RECORDS SUPPLIED:
◆ ◆ ◆ ◆ ◆ ◆ ◆

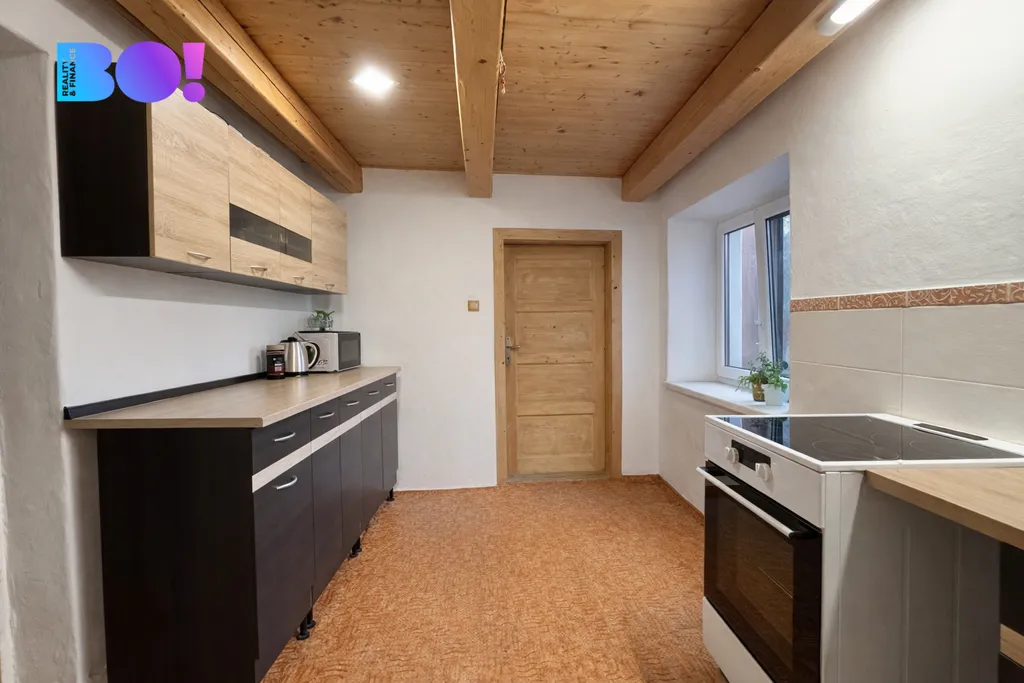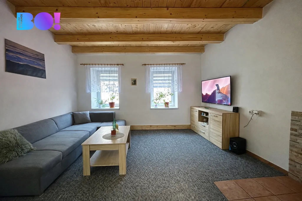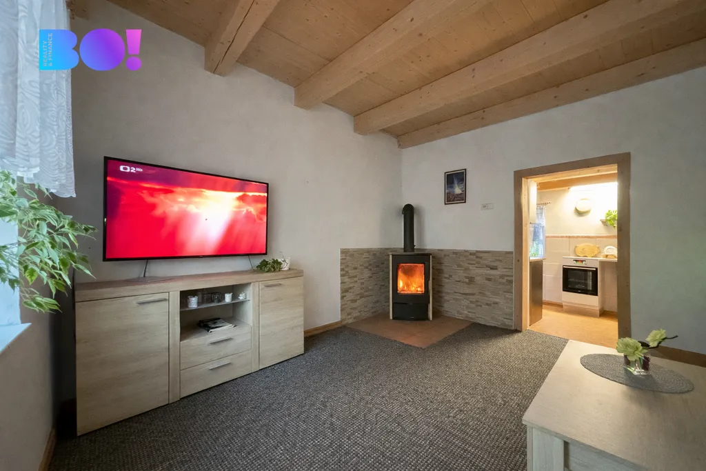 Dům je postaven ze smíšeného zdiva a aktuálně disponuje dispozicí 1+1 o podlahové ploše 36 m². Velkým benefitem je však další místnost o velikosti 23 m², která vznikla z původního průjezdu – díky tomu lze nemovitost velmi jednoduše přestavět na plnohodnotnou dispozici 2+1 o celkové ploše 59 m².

◆ ◆ ◆ ◆ ◆ ◆ ◆

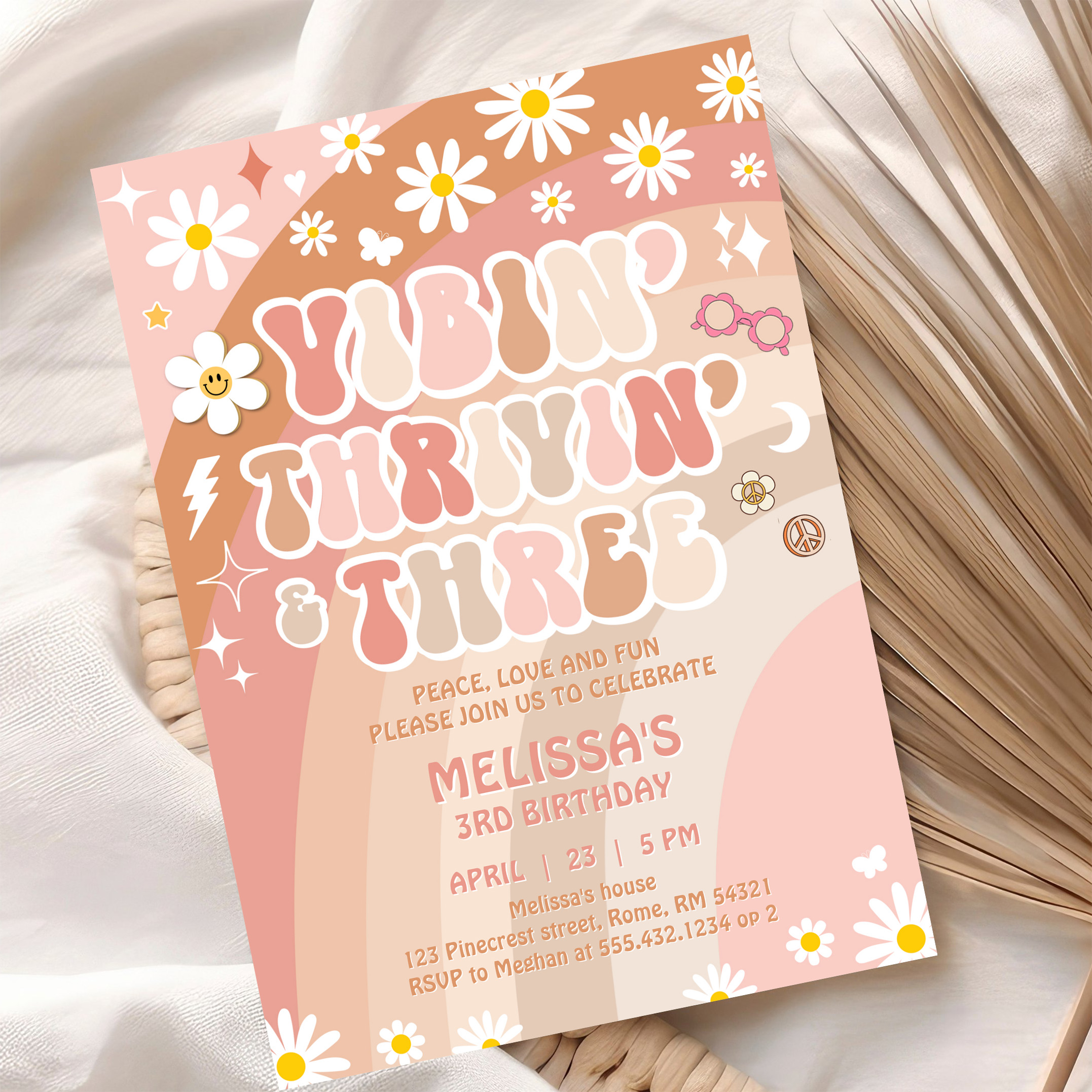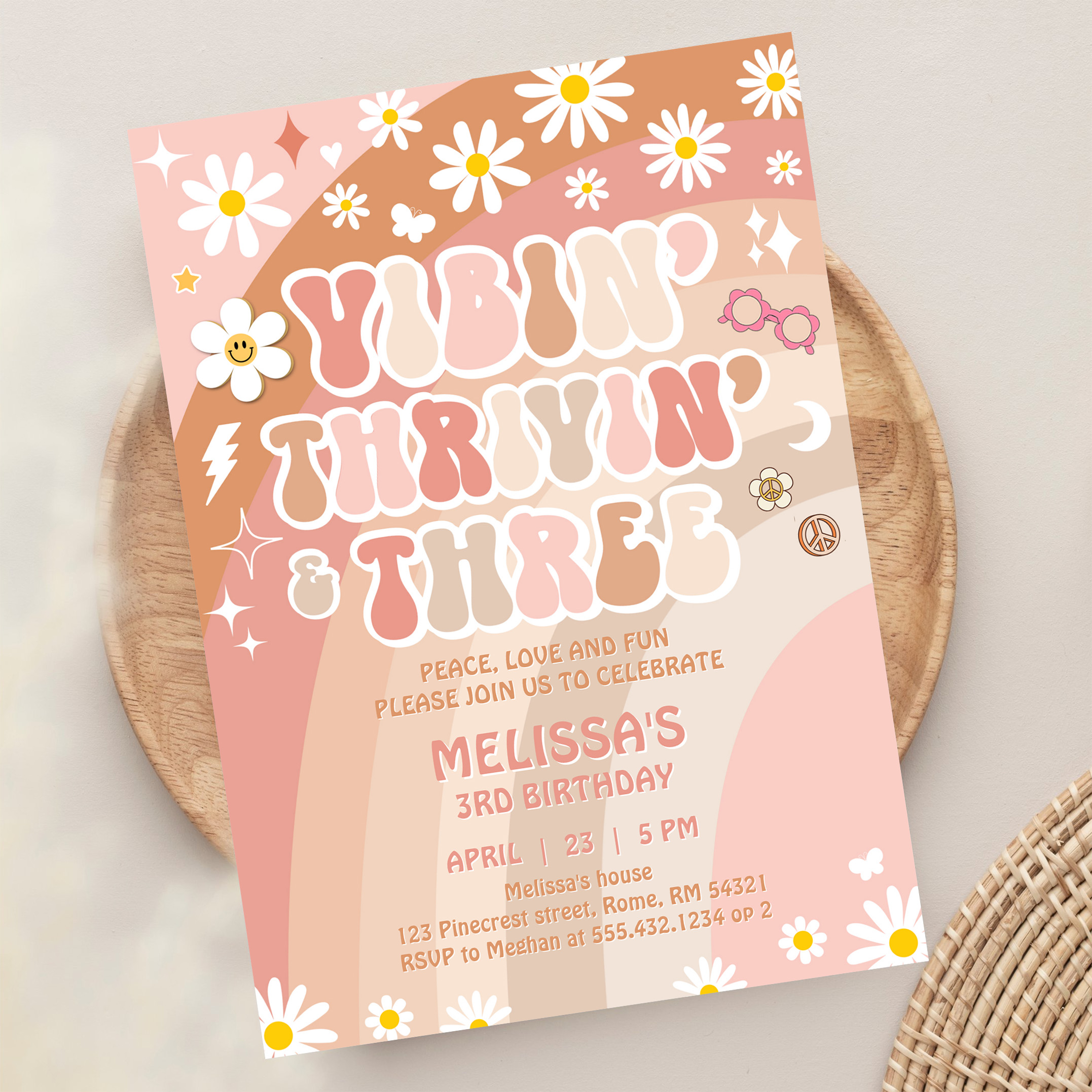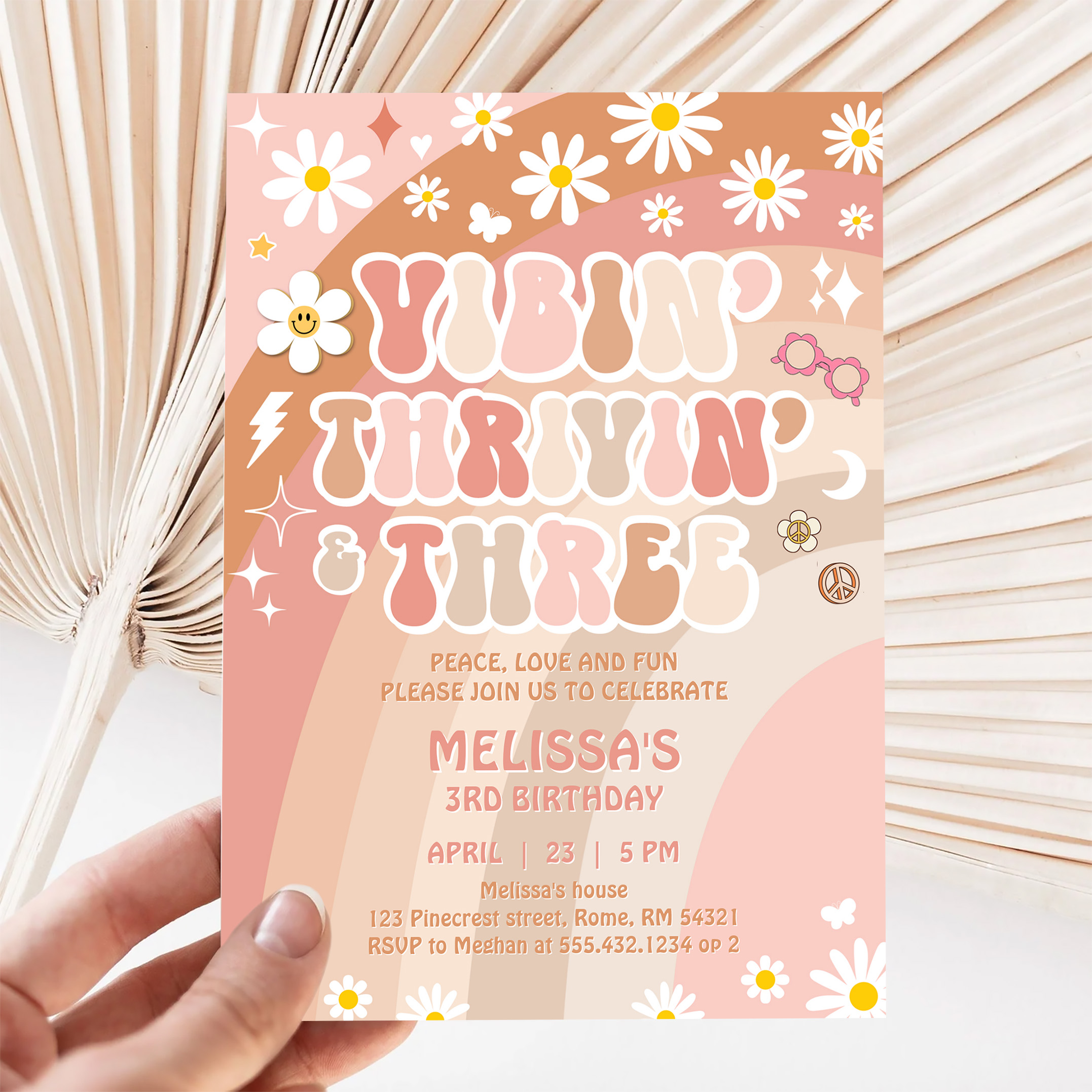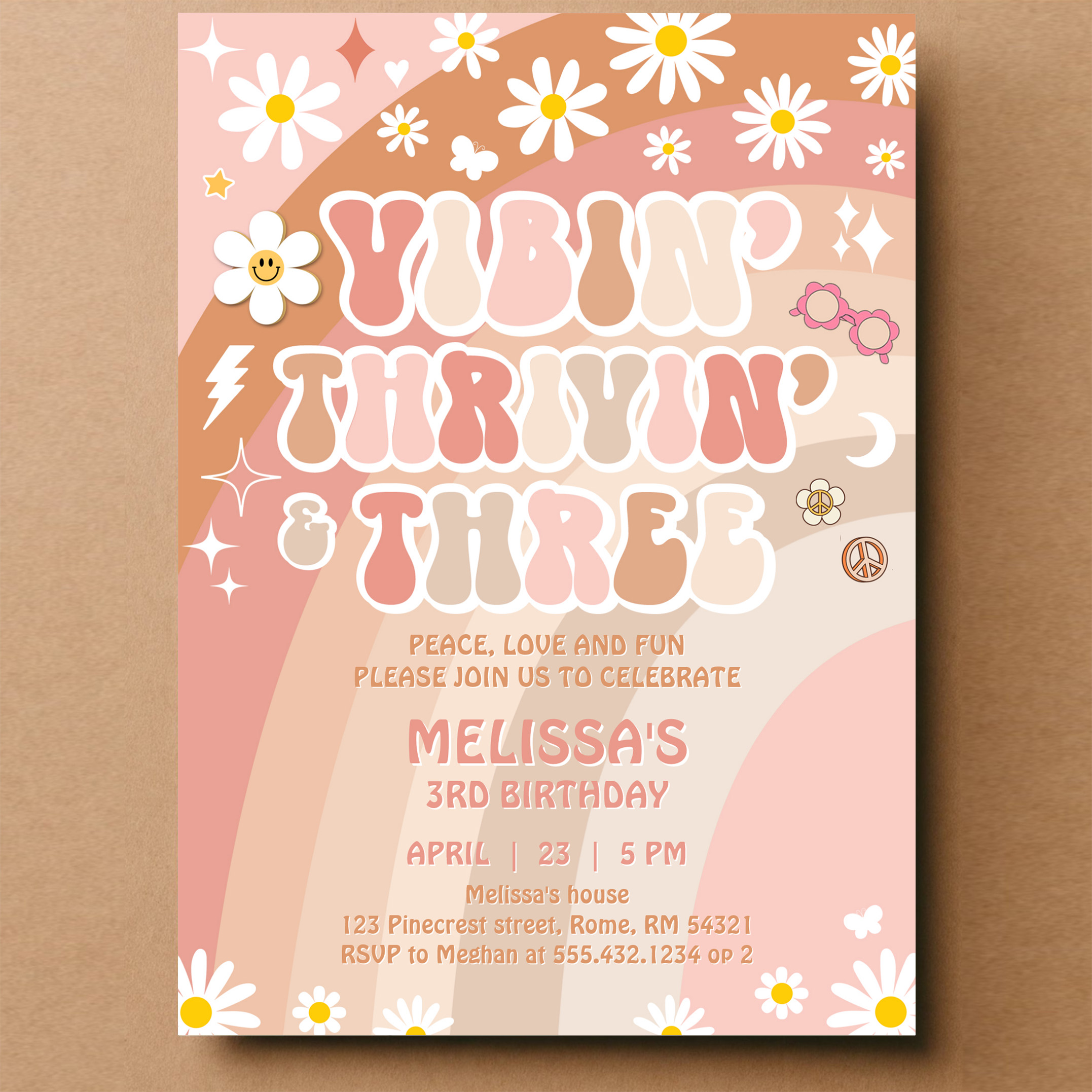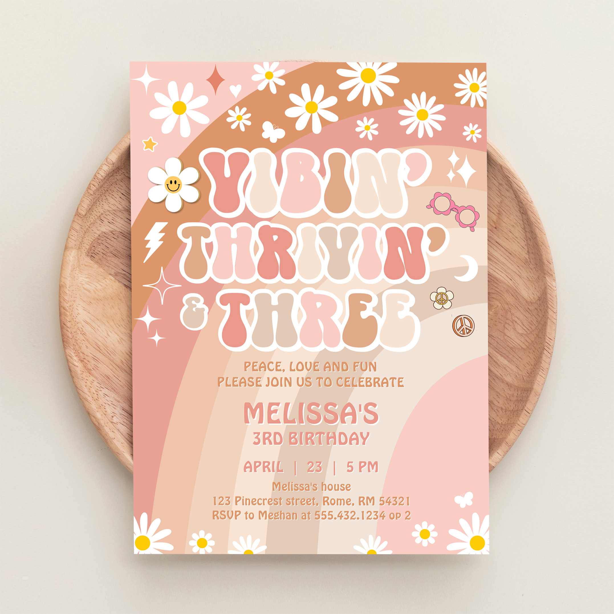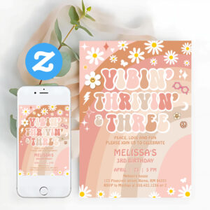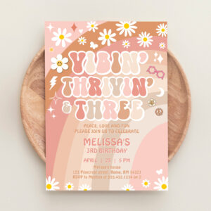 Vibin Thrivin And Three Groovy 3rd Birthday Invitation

◆ ◆ ◆ ◆ ◆ ◆ ◆

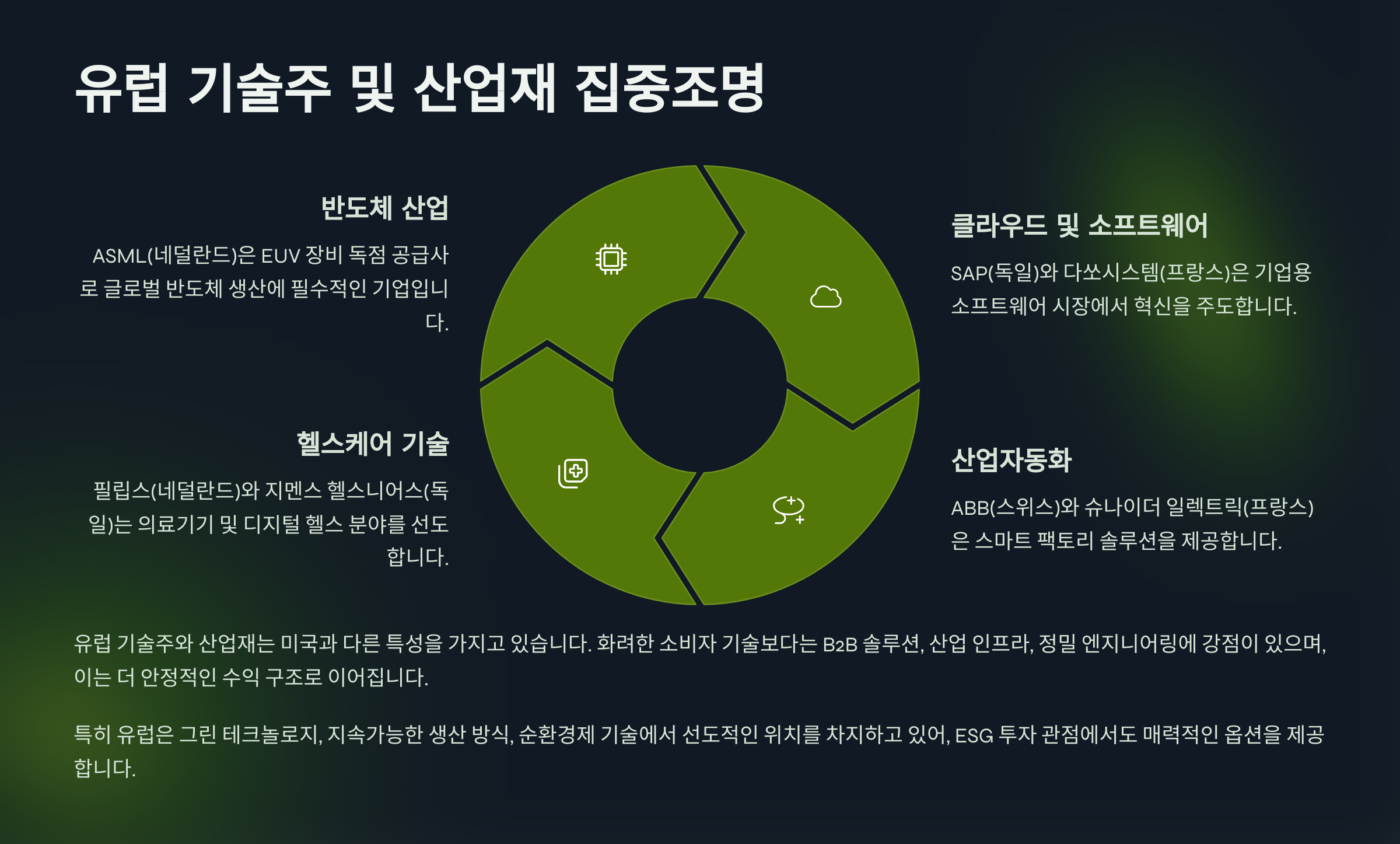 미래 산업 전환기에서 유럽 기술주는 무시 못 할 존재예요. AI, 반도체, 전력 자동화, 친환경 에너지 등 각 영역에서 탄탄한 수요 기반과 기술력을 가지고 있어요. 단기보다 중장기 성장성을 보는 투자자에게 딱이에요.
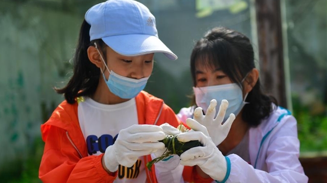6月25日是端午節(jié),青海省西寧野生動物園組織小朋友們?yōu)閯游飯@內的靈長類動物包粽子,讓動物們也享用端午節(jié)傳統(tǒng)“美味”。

◆ ◆ ◆ ◆ ◆ ◆ ◆

WHAT YOU SHOULD DO: From the listing above, repeat only the lines between the line containing "미래 산업 전환기에서" and the line containing "6月25日是端午節(jié)", those two included. Pictures are not part of the copy.

THE ANSWER:
 미래 산업 전환기에서 유럽 기술주는 무시 못 할 존재예요. AI, 반도체, 전력 자동화, 친환경 에너지 등 각 영역에서 탄탄한 수요 기반과 기술력을 가지고 있어요. 단기보다 중장기 성장성을 보는 투자자에게 딱이에요.
6月25日是端午節(jié),青海省西寧野生動物園組織小朋友們?yōu)閯游飯@內的靈長類動物包粽子,讓動物們也享用端午節(jié)傳統(tǒng)“美味”。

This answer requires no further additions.